Start of Information supplied

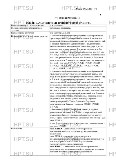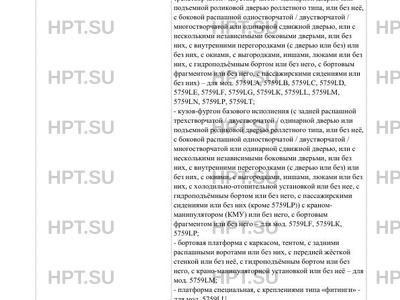 | Исполнение загрузочного пространства | кузов-фургон базового исполнения (с задней распашной трехстворчатой / двустворчатой / одинарной дверью или подъемной роликовой дверью роллетного типа, или без неё, с боковой распашной одностворчатой / двустворчатой / многостворчатой или одинарной сдвижной дверью, или с несколькими независимыми боковыми дверьми, или без них, с внутренними перегородками (с дверью или без) или без них, с окнами, с выгородками, нишами, люками или без них, с гидроподъёмным бортом или без него, с бортовым фрагментом или без него, с пассажирскими сидениями или без них) - для мод. 5759LА, 5759LВ, 5759LС, 5759LD, 5759LЕ, 5759LF, 5759LG, 5759LК, 5759LL, 5759LМ, 5759LN, 5759LР, 5759LТ; - кузов-фургон базового исполнения (с задней распашной трехстворчатой / двустворчатой / одинарной дверью или подъемной роликовой дверью роллетного типа, или без неё, с боковой распашной одностворчатой / двустворчатой / многостворчатой или одинарной сдвижной дверью, или с несколькими независимыми боковыми дверьми, или без них, с внутренними перегородками (с дверью или без) или без них, с окнами, с выгородками, нишами, люками или без них, с холодильно-отопительной установкой или без нее, с гидроподъёмным бортом или без него, с пассажирскими сидениями или без них (кроме 5759LP)) с краномманипулятором (КМУ) или без него, с бортовым фрагментом или без него - для мод. 5759LF, 5759LК, 5759LР; - бортовая платформа с каркасом, тентом, с задними распашными воротами или без них, с передней жёсткой стенкой или без неё, с гидроподъёмным бортом или без него, с крано-манипуляторной установкой или без неё - для мод. 5759LМ; - платформа специальная, с креплениями типа «фитинги» - для мод. 5759LU. |
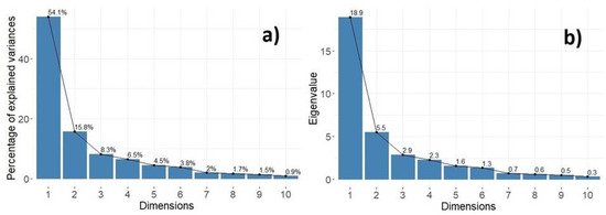 Properties of the first ten principal components: (a) percentage of explained variance vs. dimensions; (b) eigenvalues vs. dimensions. The cumulative contribution of explained variance, V, of the first three dimensions is .
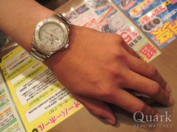 今回でクォークさんを利用するのは4回目になります。クォークさんには、いつも親切・丁寧な接客に関心すると共に安心感を感じます。今回、8Pダイヤとかなり迷いましたが、普段使いにも使いやすい点と最終的には価格で決断しました。クォークさんの価格には、いつも驚かされます。このデイトナも大切に使っていきたいと思います。いつか文字盤を8Pダイヤに交換することがありましたら、その時は宜しくお願いします。
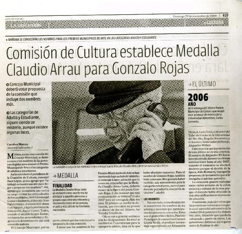 Comisión de cultura establece medalla Claudio Arrau para Gonzalo Rojas [artículo] Carolina Marcos.

End of Information supplied

Could the listing above be transcribed exactly, with the pictures left out?

-- Final answer --
 | Исполнение загрузочного пространства | кузов-фургон базового исполнения (с задней распашной трехстворчатой / двустворчатой / одинарной дверью или подъемной роликовой дверью роллетного типа, или без неё, с боковой распашной одностворчатой / двустворчатой / многостворчатой или одинарной сдвижной дверью, или с несколькими независимыми боковыми дверьми, или без них, с внутренними перегородками (с дверью или без) или без них, с окнами, с выгородками, нишами, люками или без них, с гидроподъёмным бортом или без него, с бортовым фрагментом или без него, с пассажирскими сидениями или без них) - для мод. 5759LА, 5759LВ, 5759LС, 5759LD, 5759LЕ, 5759LF, 5759LG, 5759LК, 5759LL, 5759LМ, 5759LN, 5759LР, 5759LТ; - кузов-фургон базового исполнения (с задней распашной трехстворчатой / двустворчатой / одинарной дверью или подъемной роликовой дверью роллетного типа, или без неё, с боковой распашной одностворчатой / двустворчатой / многостворчатой или одинарной сдвижной дверью, или с несколькими независимыми боковыми дверьми, или без них, с внутренними перегородками (с дверью или без) или без них, с окнами, с выгородками, нишами, люками или без них, с холодильно-отопительной установкой или без нее, с гидроподъёмным бортом или без него, с пассажирскими сидениями или без них (кроме 5759LP)) с краномманипулятором (КМУ) или без него, с бортовым фрагментом или без него - для мод. 5759LF, 5759LК, 5759LР; - бортовая платформа с каркасом, тентом, с задними распашными воротами или без них, с передней жёсткой стенкой или без неё, с гидроподъёмным бортом или без него, с крано-манипуляторной установкой или без неё - для мод. 5759LМ; - платформа специальная, с креплениями типа «фитинги» - для мод. 5759LU. |
 Properties of the first ten principal components: (a) percentage of explained variance vs. dimensions; (b) eigenvalues vs. dimensions. The cumulative contribution of explained variance, V, of the first three dimensions is .
 今回でクォークさんを利用するのは4回目になります。クォークさんには、いつも親切・丁寧な接客に関心すると共に安心感を感じます。今回、8Pダイヤとかなり迷いましたが、普段使いにも使いやすい点と最終的には価格で決断しました。クォークさんの価格には、いつも驚かされます。このデイトナも大切に使っていきたいと思います。いつか文字盤を8Pダイヤに交換することがありましたら、その時は宜しくお願いします。
 Comisión de cultura establece medalla Claudio Arrau para Gonzalo Rojas [artículo] Carolina Marcos.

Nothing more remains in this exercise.